WORK TO COMPLETE >>
For this exercise, write out only the lines of the entries below from the one with "The structural model" up to and including the one with "Dit is geen", exactly as they are. Pictures stay out.

***** MATERIAL FOR THIS TASK *****

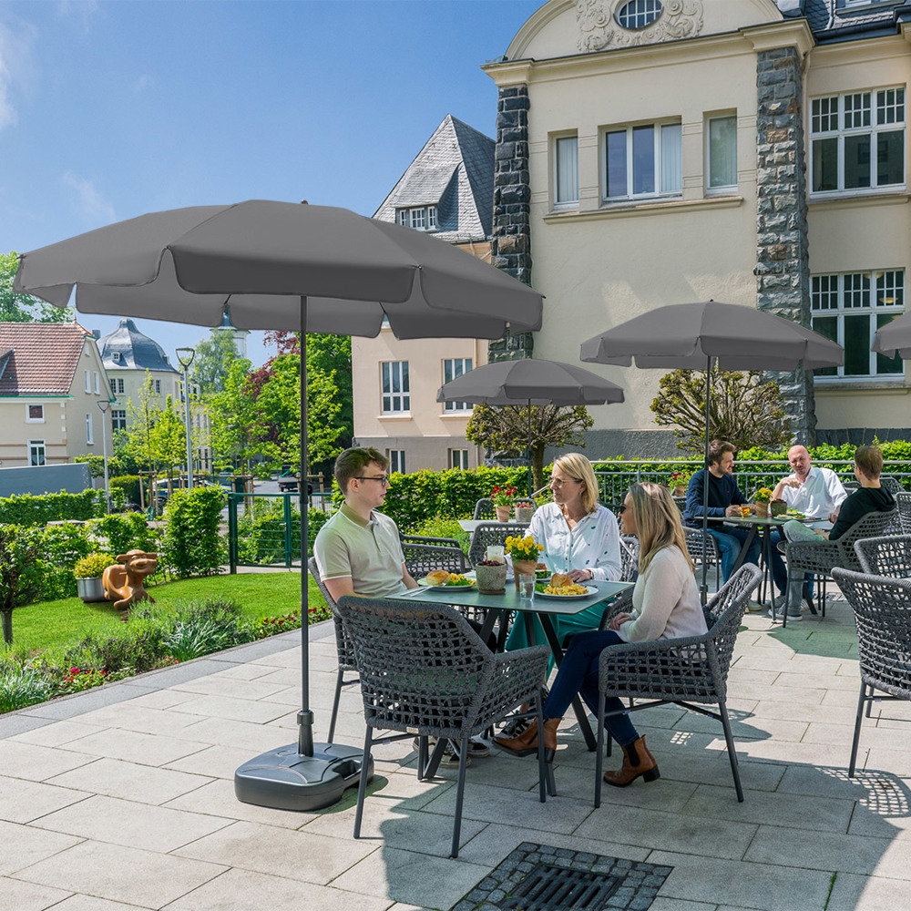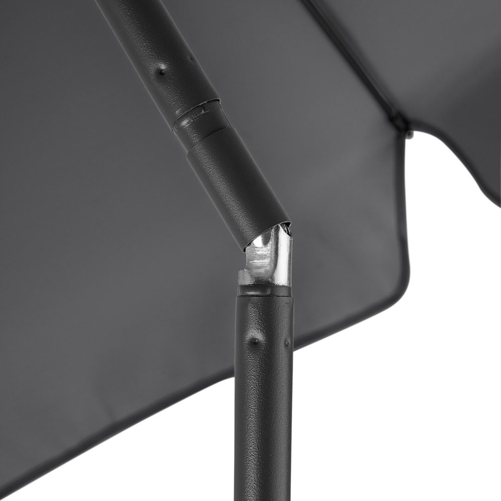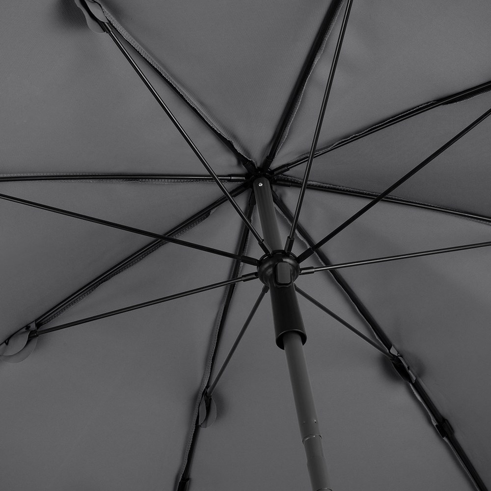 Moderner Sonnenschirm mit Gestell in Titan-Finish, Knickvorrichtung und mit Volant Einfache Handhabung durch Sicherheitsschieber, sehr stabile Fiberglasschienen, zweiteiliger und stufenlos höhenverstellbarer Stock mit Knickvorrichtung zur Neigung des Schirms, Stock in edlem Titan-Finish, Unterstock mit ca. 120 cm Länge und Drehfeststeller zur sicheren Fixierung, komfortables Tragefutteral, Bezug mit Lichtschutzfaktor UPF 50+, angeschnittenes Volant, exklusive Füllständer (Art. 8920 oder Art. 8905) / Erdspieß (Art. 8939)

*****
***** MATERIAL FOR THIS TASK *****

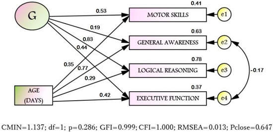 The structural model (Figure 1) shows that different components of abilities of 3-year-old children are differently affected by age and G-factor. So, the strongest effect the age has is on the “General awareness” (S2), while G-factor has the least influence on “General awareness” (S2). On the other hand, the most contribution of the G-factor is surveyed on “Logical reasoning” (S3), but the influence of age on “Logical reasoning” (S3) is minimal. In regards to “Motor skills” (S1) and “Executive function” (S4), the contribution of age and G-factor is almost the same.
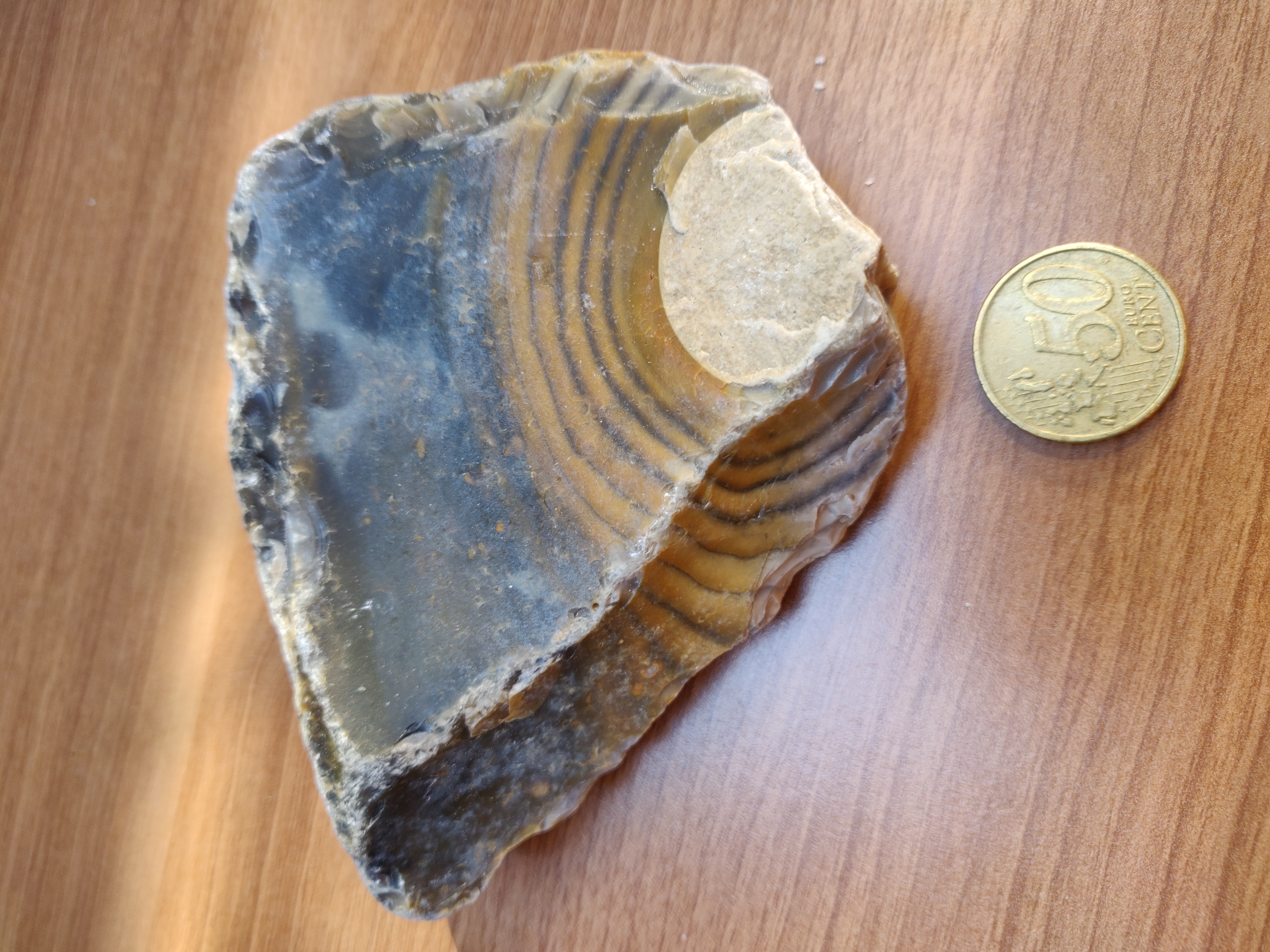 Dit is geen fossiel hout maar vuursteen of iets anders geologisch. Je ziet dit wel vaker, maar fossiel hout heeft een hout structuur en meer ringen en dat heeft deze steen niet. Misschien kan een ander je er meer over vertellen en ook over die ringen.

*****

RESPONSE TO THE EXERCISE >>
 The structural model (Figure 1) shows that different components of abilities of 3-year-old children are differently affected by age and G-factor. So, the strongest effect the age has is on the “General awareness” (S2), while G-factor has the least influence on “General awareness” (S2). On the other hand, the most contribution of the G-factor is surveyed on “Logical reasoning” (S3), but the influence of age on “Logical reasoning” (S3) is minimal. In regards to “Motor skills” (S1) and “Executive function” (S4), the contribution of age and G-factor is almost the same.
 Dit is geen fossiel hout maar vuursteen of iets anders geologisch. Je ziet dit wel vaker, maar fossiel hout heeft een hout structuur en meer ringen en dat heeft deze steen niet. Misschien kan een ander je er meer over vertellen en ook over die ringen.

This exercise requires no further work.